Smith: I coulda been a professor
If you’ve checked out the fall 2013 Colorado Mountain College catalog, you’ve probably noticed that none of the classes are being taught by me. Again. Thing is, though, I submitted what I thought was a very impressive list of proposed classes that I was both willing and qualified to teach. And, just like last year, and the year before, I received no reply.
I feel like I have a lot to offer the community, and perhaps someday the CMC decision-makers will share my opinion. Meanwhile, below is the list of classes that you’ll once again be missing out on this semester.
Fall CMC classes that I won’t — but should — be teaching:
Ceramics 103 —Wheel Working With Live Nude Model
We’ll hang out and throw some pots while looking at a naked person. Very relaxing for everyone — except probably the naked person. If time allows, we’ll also learn glazing or something. (Prerequisite: Art 152 — Nude Landscape Painting.)
Accounting 100 — Introduction to Accounting
This course consists of a quick Googling of “What, exactly, is accounting?” then taking turns reading aloud from various resulting links. Trust me, this is for the best, as you do not want to learn accounting from me. (Prerequisite: Ability to spell/type “accounting.”)
Social Media 1A — How to Be Excited About Twitter for Almost a Week
You’ve heard about the Twitter, but you just don’t know if it’s for you. Well, without giving too much away, it isn’t. But it’s best that you give it a try for five or six days before completely losing interest, so at least you can feel you have a firsthand understanding of how you don’t understand it. (Prerequisite: Social Media 3A — How to Quit Facebook for Almost a Week.)

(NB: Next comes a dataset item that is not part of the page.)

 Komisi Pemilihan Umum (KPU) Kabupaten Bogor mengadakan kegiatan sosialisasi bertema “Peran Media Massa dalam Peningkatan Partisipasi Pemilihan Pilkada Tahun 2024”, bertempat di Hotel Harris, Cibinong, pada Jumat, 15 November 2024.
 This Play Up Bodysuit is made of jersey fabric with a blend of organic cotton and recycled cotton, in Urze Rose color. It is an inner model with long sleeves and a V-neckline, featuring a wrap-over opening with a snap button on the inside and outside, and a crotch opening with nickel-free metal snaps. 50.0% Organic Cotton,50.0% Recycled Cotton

Computer 220 — How to “Organize” Your Desktop
This one-day class is for the chronic user of the confusing and ineffective “misc.” folder. We’ll explore newer and greater computer-desktop-organizing systems, including the “various” folder, the “etc.” folder and the “stuff” folder.

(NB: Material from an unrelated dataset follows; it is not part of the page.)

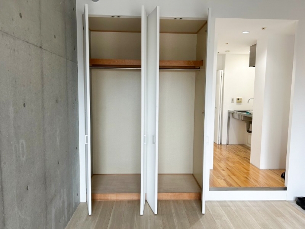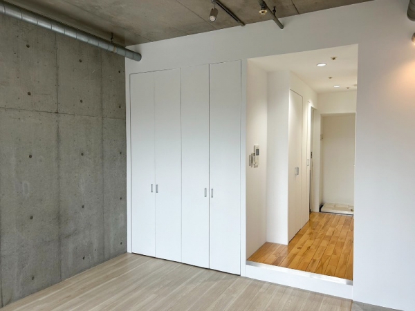 コンクリ打ちっ放し×ホワイト木目のデザイナーズ1Kです。

Photoshop 115 — Retouching Old Family Photos
Topics covered include “Removing unwanted relatives from group portraits,” “Adding pounds and/or skin conditions to unwanted relatives” and “Comical mustache drawing.” (Prerequisite: Photoshop 114 — Mullet Removal.)
Philosophy 100 — Introduction to Philosophy
We’ll take turns Googling “What, exactly, is philosophy?” then reading aloud from our results. (Prerequisite: Literature 100 — What, Exactly, Is Literature?)
Introductions 201 — Introduction to Introductions
This incredibly useful and robust class deals with that specific situation where you’re talking to someone at a party whose name you don’t remember, then somebody else whose name you also don’t remember walks up, and it quickly becomes clear that these people don’t know each other, and they’re both awkwardly waiting for you to introduce them, but you’re suddenly really interested in whatever scraps of food you have left on your tiny plate.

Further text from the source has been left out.